= Exercise prompt =
Copy the lines below word for word, skipping any image.

[Source records]
========================================================================
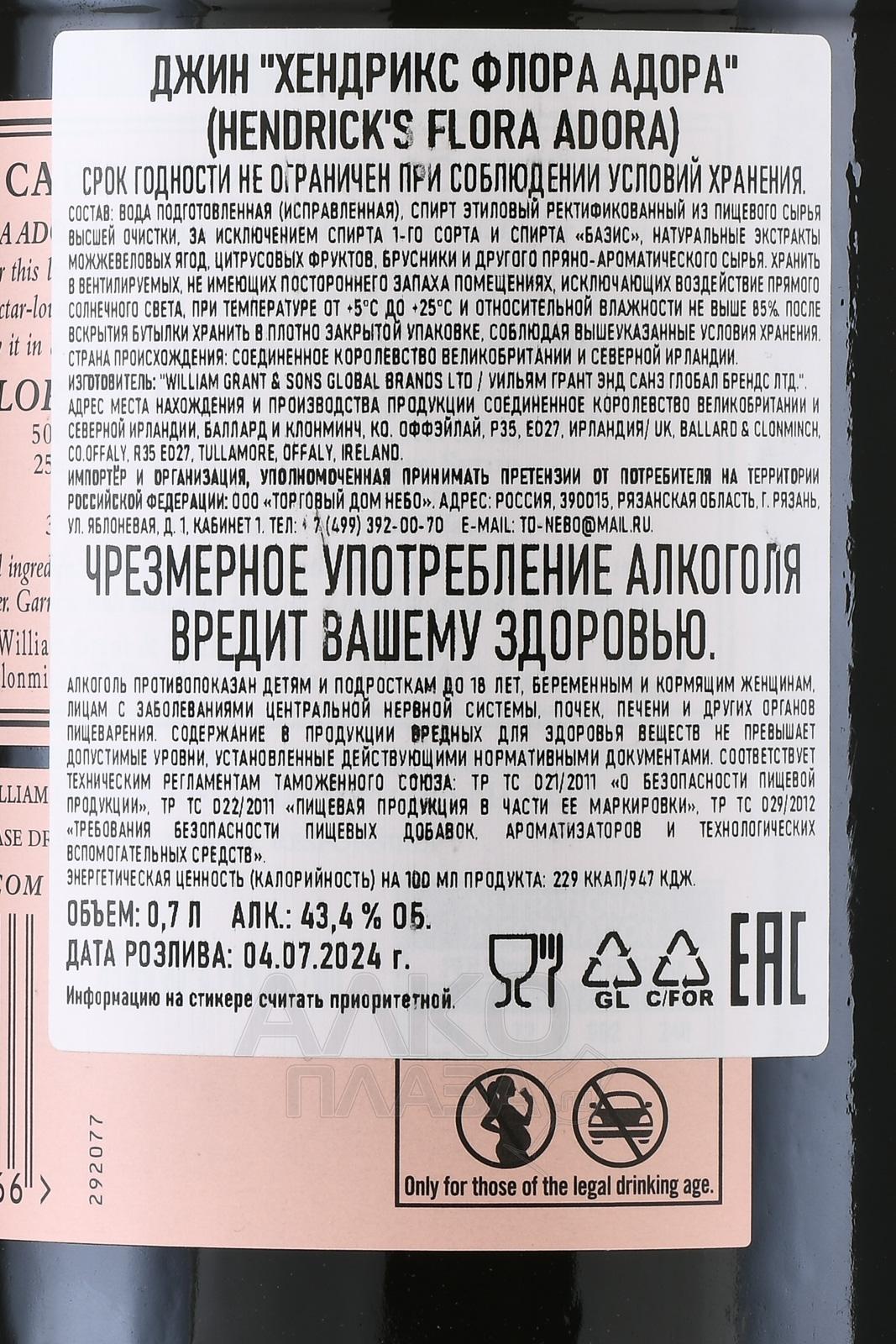 Hendrick’s Flora Adora - джин Хендрикс флора Адора 0.7 л
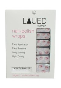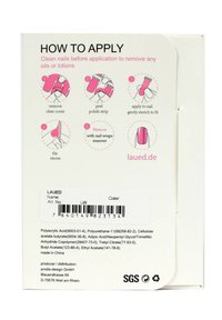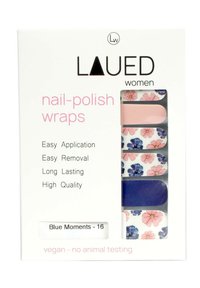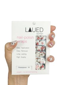 Die veganen Nagelfolien LAUED sind eine einfache und innovative Alternative oder Ergänzung zum herkömmlichen Nagellack. Sie halten auf Natur- sowie lackierten -, Acryl-, Gel- und Shellac-Nägeln. Das Produkt beinhaltet 16 äußerst dünne, selbstklebende Folien. Diese sind hygienisch in einem versiegelten Vakuumbeutel verpackt. Die Folien sind frei beweglich an einem Silberstreifen angebracht, so dass die Passform des Nagelbetts ganz einfach einzeln ausgewählt werden kann. Sie sind selbstklebend und können direkt auf die Nägel geklebt werden. Die Folien können ohne grosse Rückstände entfernt werden und lösen keine Allergien aus.
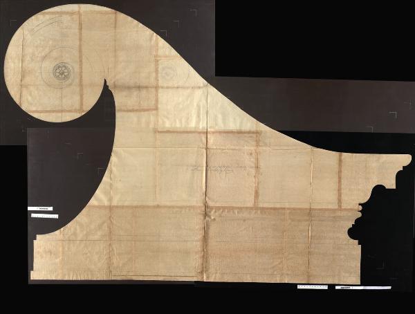 disegno eseguito con grafite, principalmente a riga e compasso con tratti a mano libera; è tracciato su foglio sagomato di carta chiara imbrunita. Il supporto è composto da sedici fogli incollati
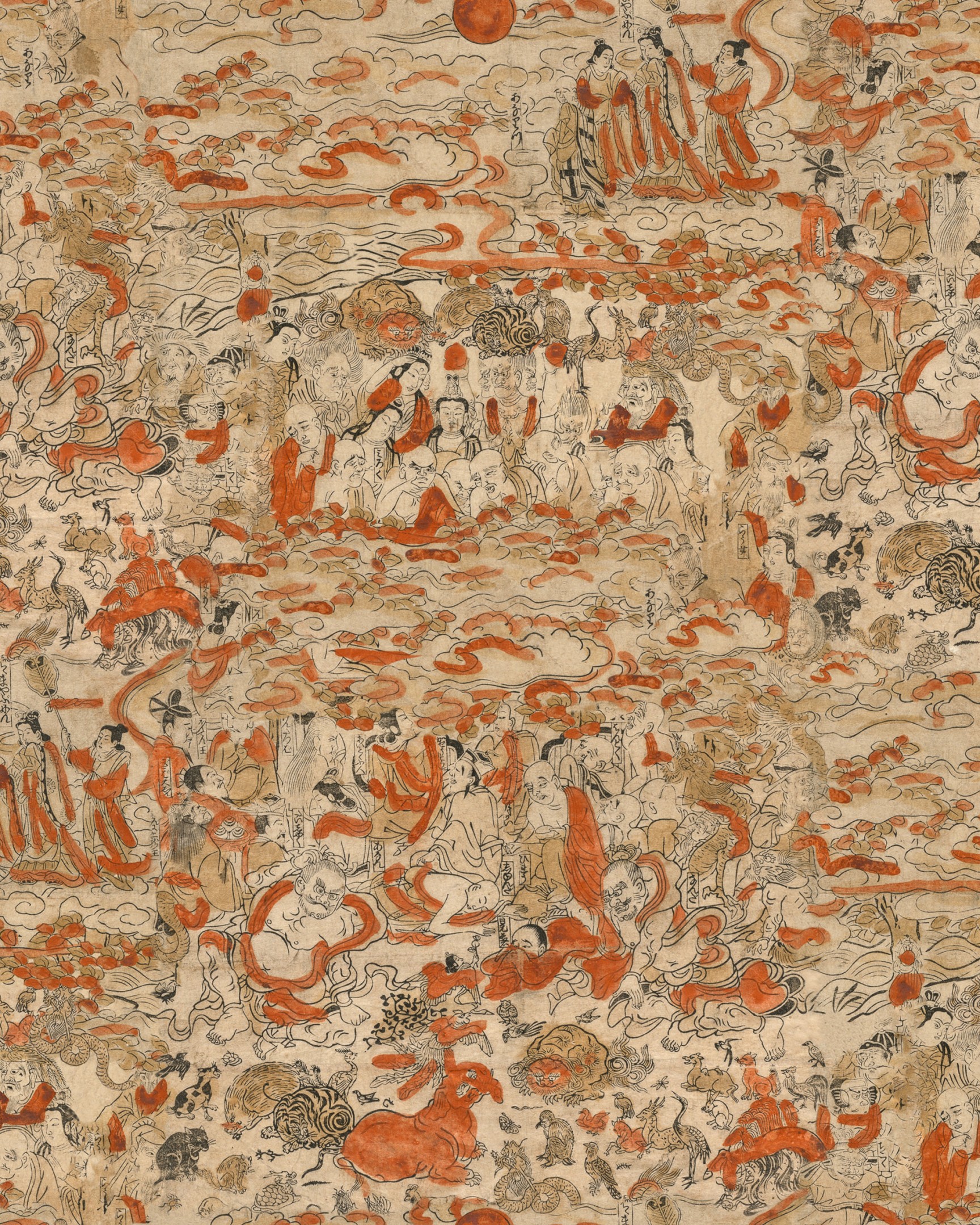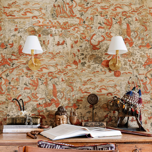 Apropiați-vă puțin – de departe tapetul nostru SPIRITURAL JOURNEY poate părea un model abstract, dar la o inspecție mai atentă, veți descoperi o mulțime de personaje desenate manual care trăiesc viața pe un fundal bej pal printre pete de culoare. Plutind ca fumul sau ceața, un ton ruginit, portocaliu, își navighează în jurul oamenilor, plantelor, animalelor, norilor și caligrafiei, toate acestea fiind ilustrate ca simple desene în stil chinezesc antic. Fă-ți timp să cutreiere fiecare centimetru și să te cufunzi într-o multitudine de povești împletite cu talent una în alta și care așteaptă să fie descoperite.
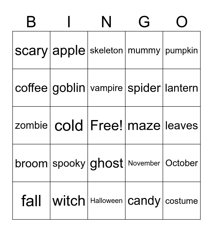 This bingo card has a free space and 25 words: spooky, Halloween, vampire, fall, pumpkin, scary, coffee, apple, maze, ghost, spider, zombie, November, October, goblin, haunt, leaves, skeleton, lantern, cold, costume, witch, broom, mummy and candy.
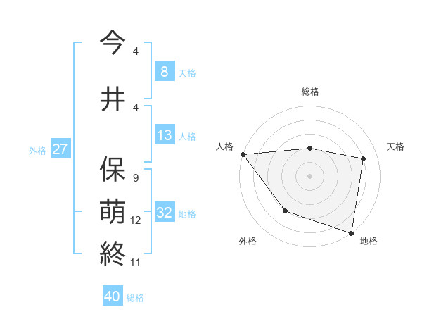 今井 保萌終さんを姓名の画数から五運を鑑定
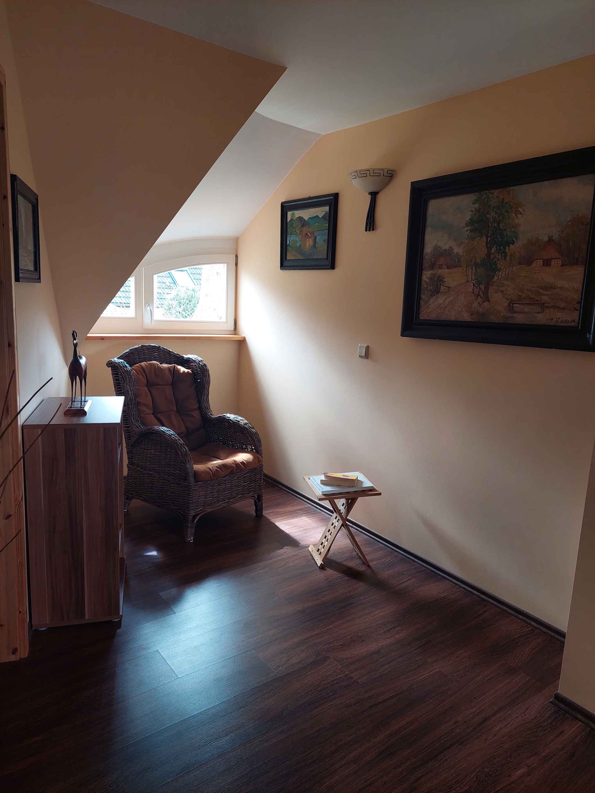 Das Ferienhaus befindet sich auf einem 800 qm großen, offenen Gartengrundstück mit Wiese, Blumen und Sträuchern. Weiterhin verfügt das Anwesen über einen Hof. Das Ferienhaus ist eine ca 250 Jahre alte Schmiede, die liebevoll restauriert und zum Doppelhaus umgebaut wurde. Der Vermieter wohnt in einem separaten Gebäude auf dem Grundstück. Relaxen Sie draußen auf der Terrasse oder der Liegewiese mit Sonnenliege und Gartenmöbeln. Der Spielplatz mit Sandkasten lässt Kinderherzen höher schlagen. Eine Grillmöglichkeit ist vorhanden. Romatische Abende verspricht der Lagerfeuerplatz. Nutzung des Ruderbootes, Angeltouren und Räucherei nach Absprache vor Ort. Information für Haustierbesitzer: die Vermieter bitten darum, dass sich Haustiere nur im Erdgeschoss aufhalten. Ihre Fitness können Sie mit Ruderboot auf Trab halten.Lage: Garz/Rügen. Das 2010 renovierte Ferienhaus ist modern eingerichtet. Das Grundstück befindet sich am Ortsrand. Auch wegen der ruhigen und sonnigen Lage ist das Domizil beliebt. Das Haus liegt direkt am Naturschutzgebiet Schoritzer Wiek. Am Ferienhaus stehen Ihnen 2 Pkw-Parkplätze auf dem Grundstück zur Verfügung. Die nächste Einkaufsmöglichkeit ist 5 km entfernt, Restaurant 2 km und Ortszentrum 6 km. Bahnhof, Hallenbad, Sauna jeweils 15 km in Samtens. Diskothek in Teschenhagen 20 km. Hauptstraße 10 m. In der Umgebung gibt es Wander- und Radwege am Wasser entlang. Im Ort: Ernst-Moritz-Arndt-Haus mit Gutspark, Lamp Galery, Bushaltestelle. Waschsalon und Fahrradverleih 5 km.Im Sommer: Ostsee (Greifswalder Bodden), Sandstrand mit Wiese in Palmer Ort, 5 km von Ihrer Unterkunft entfernt. Zur Bootsanlegestelle in Puddemin sind es 2 km. Petrijünger können in Groß Schoritz, 500 m die Angel auswerfen. Weitere Sport- und Freizeitangebote warten auf Sie in der Umgebung. Zum Beispiel Reiten in Altkamp 15 km. Golf in Karnitz 10 km. Tennis, Minigolf jeweils 15 km in Samtens. Viele Naturstrände in der Umgebung.
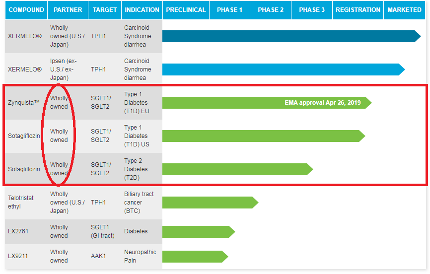 Sotagliflozin是一种SGLT-1/SGLT-2双效抑制剂,开发用于T1D和T2D。2015年11月,赛诺菲与Lexicon达成17亿美元协议,获得sotagliflozin除日本以外的全球权利。去年3月,该药治疗T1D遭美国FDA拒绝批准,原因是与安慰剂相比酮症酸中毒(DKA)事件发生率较高。在欧盟,监管机构认可了DKA是一种常见糖尿病并发症且在T1D中发生率比T2D高这一事实,对sotagliflozin的积极效益风险表示了肯定,并于去年4月批准该药治疗T1D。同年7月,赛诺菲宣布终止合作。
========================================================================
= Reply to the exercise =
 Hendrick’s Flora Adora - джин Хендрикс флора Адора 0.7 л
 Die veganen Nagelfolien LAUED sind eine einfache und innovative Alternative oder Ergänzung zum herkömmlichen Nagellack. Sie halten auf Natur- sowie lackierten -, Acryl-, Gel- und Shellac-Nägeln. Das Produkt beinhaltet 16 äußerst dünne, selbstklebende Folien. Diese sind hygienisch in einem versiegelten Vakuumbeutel verpackt. Die Folien sind frei beweglich an einem Silberstreifen angebracht, so dass die Passform des Nagelbetts ganz einfach einzeln ausgewählt werden kann. Sie sind selbstklebend und können direkt auf die Nägel geklebt werden. Die Folien können ohne grosse Rückstände entfernt werden und lösen keine Allergien aus.
 disegno eseguito con grafite, principalmente a riga e compasso con tratti a mano libera; è tracciato su foglio sagomato di carta chiara imbrunita. Il supporto è composto da sedici fogli incollati
 Apropiați-vă puțin – de departe tapetul nostru SPIRITURAL JOURNEY poate părea un model abstract, dar la o inspecție mai atentă, veți descoperi o mulțime de personaje desenate manual care trăiesc viața pe un fundal bej pal printre pete de culoare. Plutind ca fumul sau ceața, un ton ruginit, portocaliu, își navighează în jurul oamenilor, plantelor, animalelor, norilor și caligrafiei, toate acestea fiind ilustrate ca simple desene în stil chinezesc antic. Fă-ți timp să cutreiere fiecare centimetru și să te cufunzi într-o multitudine de povești împletite cu talent una în alta și care așteaptă să fie descoperite.
 This bingo card has a free space and 25 words: spooky, Halloween, vampire, fall, pumpkin, scary, coffee, apple, maze, ghost, spider, zombie, November, October, goblin, haunt, leaves, skeleton, lantern, cold, costume, witch, broom, mummy and candy.
 今井 保萌終さんを姓名の画数から五運を鑑定
 Das Ferienhaus befindet sich auf einem 800 qm großen, offenen Gartengrundstück mit Wiese, Blumen und Sträuchern. Weiterhin verfügt das Anwesen über einen Hof. Das Ferienhaus ist eine ca 250 Jahre alte Schmiede, die liebevoll restauriert und zum Doppelhaus umgebaut wurde. Der Vermieter wohnt in einem separaten Gebäude auf dem Grundstück. Relaxen Sie draußen auf der Terrasse oder der Liegewiese mit Sonnenliege und Gartenmöbeln. Der Spielplatz mit Sandkasten lässt Kinderherzen höher schlagen. Eine Grillmöglichkeit ist vorhanden. Romatische Abende verspricht der Lagerfeuerplatz. Nutzung des Ruderbootes, Angeltouren und Räucherei nach Absprache vor Ort. Information für Haustierbesitzer: die Vermieter bitten darum, dass sich Haustiere nur im Erdgeschoss aufhalten. Ihre Fitness können Sie mit Ruderboot auf Trab halten.Lage: Garz/Rügen. Das 2010 renovierte Ferienhaus ist modern eingerichtet. Das Grundstück befindet sich am Ortsrand. Auch wegen der ruhigen und sonnigen Lage ist das Domizil beliebt. Das Haus liegt direkt am Naturschutzgebiet Schoritzer Wiek. Am Ferienhaus stehen Ihnen 2 Pkw-Parkplätze auf dem Grundstück zur Verfügung. Die nächste Einkaufsmöglichkeit ist 5 km entfernt, Restaurant 2 km und Ortszentrum 6 km. Bahnhof, Hallenbad, Sauna jeweils 15 km in Samtens. Diskothek in Teschenhagen 20 km. Hauptstraße 10 m. In der Umgebung gibt es Wander- und Radwege am Wasser entlang. Im Ort: Ernst-Moritz-Arndt-Haus mit Gutspark, Lamp Galery, Bushaltestelle. Waschsalon und Fahrradverleih 5 km.Im Sommer: Ostsee (Greifswalder Bodden), Sandstrand mit Wiese in Palmer Ort, 5 km von Ihrer Unterkunft entfernt. Zur Bootsanlegestelle in Puddemin sind es 2 km. Petrijünger können in Groß Schoritz, 500 m die Angel auswerfen. Weitere Sport- und Freizeitangebote warten auf Sie in der Umgebung. Zum Beispiel Reiten in Altkamp 15 km. Golf in Karnitz 10 km. Tennis, Minigolf jeweils 15 km in Samtens. Viele Naturstrände in der Umgebung.
 Sotagliflozin是一种SGLT-1/SGLT-2双效抑制剂,开发用于T1D和T2D。2015年11月,赛诺菲与Lexicon达成17亿美元协议,获得sotagliflozin除日本以外的全球权利。去年3月,该药治疗T1D遭美国FDA拒绝批准,原因是与安慰剂相比酮症酸中毒(DKA)事件发生率较高。在欧盟,监管机构认可了DKA是一种常见糖尿病并发症且在T1D中发生率比T2D高这一事实,对sotagliflozin的积极效益风险表示了肯定,并于去年4月批准该药治疗T1D。同年7月,赛诺菲宣布终止合作。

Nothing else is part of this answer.